To : Force Commander.
Subject: Necessity for More Destroyers.
1.. On 8 February a new scheme of coastal convoy was inaugurated between Brest and Bordeaux to replace the nightly convoys between Brest and Quiberon, and Quiberon and Bordeaux, which had previously existed. Continuous runs are now made through coastal channels, and the schedule is such that the portions of the run which are exposed to the dangers of submarine attack are made during daylight. The escort consists of four vessels, one vessel in each group being a vessel of considerable speed. For this service the U.S. Squadrons provide three out of eight groups, or a total of twelve vessels. This takes all of the smaller yachts previously on coastal convoy escort, plus the 400-ton destroyers.

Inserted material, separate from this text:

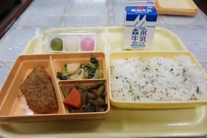 今日の献立は、味の磯部フライ、チンゲン菜とえのきの和え物、牛肉とごぼうの煮物、菜飯、牛乳、花見団子です。

2. Since December the Army have routed practically all of their storeships to Bordeaux or La Pallice. 23 storeships arrived at these two ports since 1 January, and 11 more enroute in convoys of which we have information. When discharged these vessels must be placed in the Verdon1 convoy for the westward trip because of the impracticability of taking them to Quiberon. These convoys sail weekly, and the average number of U.S. storeships in the convoy is five. The escort provided by the French for these convoys is inadequate, in that it consists generally of a single vessel. Thus it is necessary that we strengthen this escort, and at present the MAY, WAKIVA, CORSAIR and APHRODITE are based at the mouth of the Gironde River for this purpose. The NOMA will be assigned to this duty as soon as her repairs are completed, in about three weeks. Assuming that one of these vessels must occasionally be withdrawn for repairs, it will be noted that this escort will continue to be inadequate. Should submarine activity develop on the route of this convoy I will be forced to postpone the sailing of our storeships from Verdon until special convoys with destroyer escort can be organized.
3. All of our yachts and 400-ton destroyers are now working in these regularly organized coastal and Verdon convoys. There remain available for our most important operations – namely, the meeting of inward-bound troop convoys, meeting of New York convoys, and the escort of westbound troop and store ships from Brest and St. Nazaire – the nine larger destroyers comprising the five coal burners, and the WARRINGTON, MONA<G>HAN, ROE and NICHOLSON. The latter, which has just arrived on station, must shortly be withdrawn for refit period due on 19 February. The FLUSSER must also be withdrawn for retubing of her condensers as soon as the tubes, which have been shipped from Queenstown, arrive. Since 17 January these destroyers have handled 17 movements, totaling 66 ships in convoy.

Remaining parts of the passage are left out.